Building a Machine Learning Model for Title Generation
This article was published as a part of the Data Science Blogathon
In this article, I will use the YouTube Trends database and Python programming language to train a language model that generates text using learning tools, which will be used for the task of making youtube video articles or for your blogs.
The topic generator is a function of Natural Language Processing and is a subject between several Machine Learning, including text compilation, text speaking, and discussion programs.
To create a title-generating work model or a text generator, the model must be trained to learn whether a word may occur, using words that already appear in sequence as context.
What is Natural Language Processing
Natural Language Processing (NLP) is often used for textual segregation activities such as spam detection and emotional analysis, text production, language translation, and text classification. Text data can be viewed in alphabetical order, word order, or sentence sequence. In general, text data is considered a sequence of words in most problems. In this article, we will enter, a process using simple sample data. However, the steps discussed here apply to any NLP activities. In particular, we will use TensorFlow2, Keras to obtain text processing which includes:
Building the Machine Learning Model for Title Generation
I will start this project of building a title generator with Python and machine learning by importing libraries and reading data sets. The data sets I use for this project can be downloaded from here.
Importing the necessary libraries Building the Machine Learning Model for Title Generation
Importing libraries before we start working on them. Here, I have used Keras and TensorFlow as the main libraries for our model as it is a highly productive interface for solving such problems, with a deep learning approach.

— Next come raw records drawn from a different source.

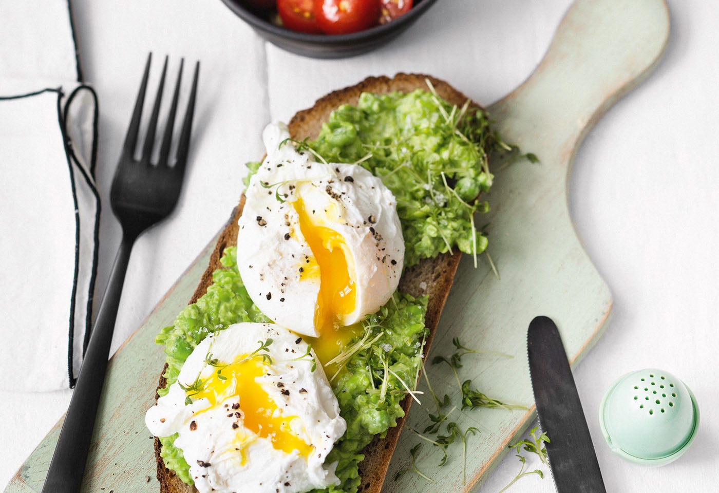 Erbsenbrot mit pochierten Eiern und Tomatensalat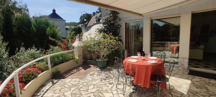 Втората спалня също се възползва от частна тераса с красива гледка към Лоара и острова; можете да се отпуснете безопасно там с шезлонгите, оставени на ваше разположение.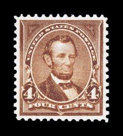 90 SMQ $340.00).#280, 4c Rose brown, exceedingly well centered within very large margins, strong rich color, o.g. n.h., extremely fine and choice; 2000 and 2007 PF certificates (latter grading XF 90; SMQ $340.00). (Image) $90.00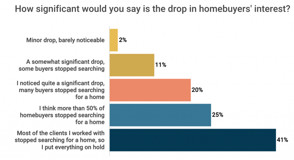 According to Point2 Homes, 86% of the agents who responded said they have noticed a significant drop in homebuyers' interest. Of these respondents, 41% said that most of their clients stopped searching for a home, so they were forced to put everything on hold, while only 2% of agents said that, so far, they've only noticed only a minor drop in interest.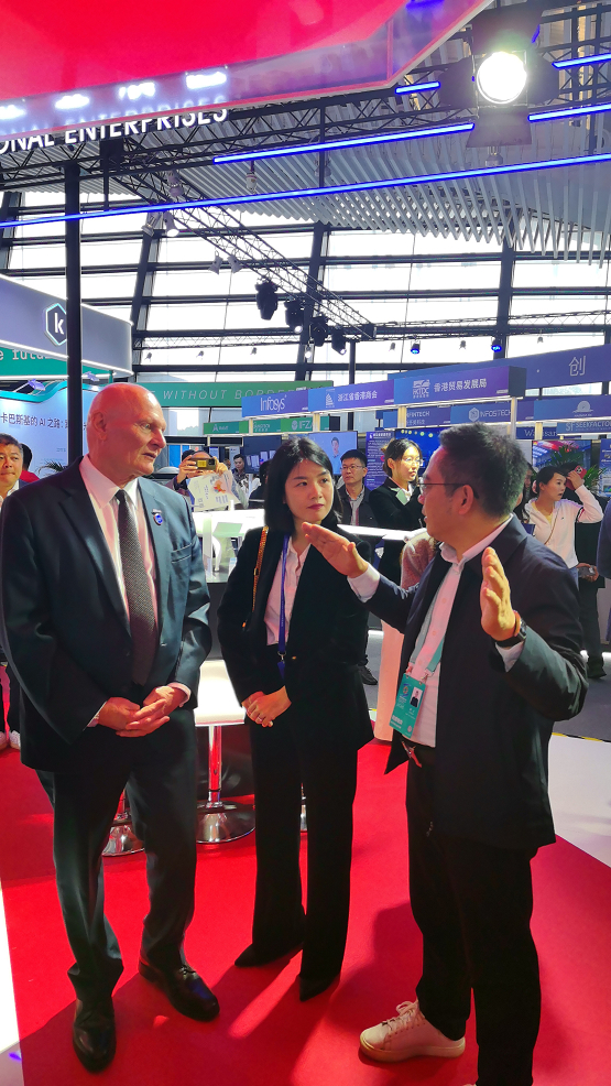 (星际航总经理徐文向GSMA Ltd.首席执行官John Hoffman介绍星际航区县2.0产品)
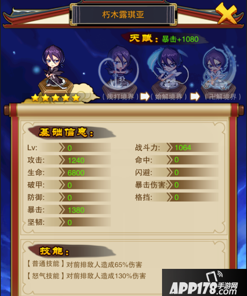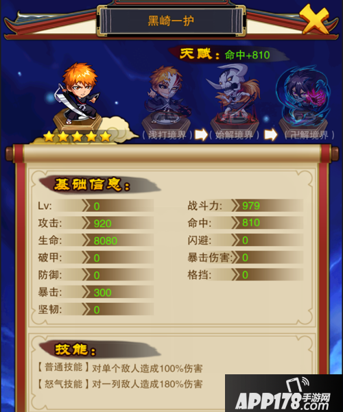 可以看出一护是单体攻击的,技能伤害是比较高的,而露琪亚是前排群体攻击的,伤害和血量也是略低一点的,怎么选择就看各位自己的喜爱咯~

import pandas as pd import string import numpy as np import json from keras.preprocessing.sequence import pad_sequences from keras.layers import Embedding, LSTM, Dense, Dropout from keras.preprocessing.text import Tokenizer from keras.callbacks import EarlyStopping from keras.models import Sequential import keras.utils as ku import tensorflow as tf tf.random.set_seed(2) from numpy.random import seed seed(1)
Loading the dataset
#load all the datasets df1 = pd.read_csv('USvideos.csv') df2 = pd.read_csv('CAvideos.csv') df3 = pd.read_csv('GBvideos.csv') #load the datasets containing the category names data1 = json.load(open('US_category_id.json')) data2 = json.load(open('CA_category_id.json')) data3 = json.load(open('GB_category_id.json'))
Now we need to process our data so that we can use this data to train our machine learning model with the task of making a topic. Here are all the steps to clean up and process the data we need to follow:
def category_extractor(data): i_d = [data['items'][i]['id'] for i in range(len(data['items']))] title = [data['items'][i]['snippet']["title"] for i in range(len(data['items']))] i_d = list(map(int, i_d)) category = zip(i_d, title) category = dict(category) return category #create a new category column by mapping the category names to their id df1['category_title'] = df1['category_id'].map(category_extractor(data1)) df2['category_title'] = df2['category_id'].map(category_extractor(data2)) df3['category_title'] = df3['category_id'].map(category_extractor(data3)) #join the dataframes df = pd.concat([df1, df2, df3], ignore_index=True) #drop rows based on duplicate videos df = df.drop_duplicates('video_id') #collect only titles of entertainment videos #feel free to use any category of video that you want entertainment = df[df['category_title'] == 'Entertainment']['title'] entertainment = entertainment.tolist()
#remove punctuations and convert text to lowercase def clean_text(text): text = ''.join(e for e in text if e not in string.punctuation).lower() text = text.encode('utf8').decode('ascii', 'ignore') return text corpus = [clean_text(e) for e in entertainment]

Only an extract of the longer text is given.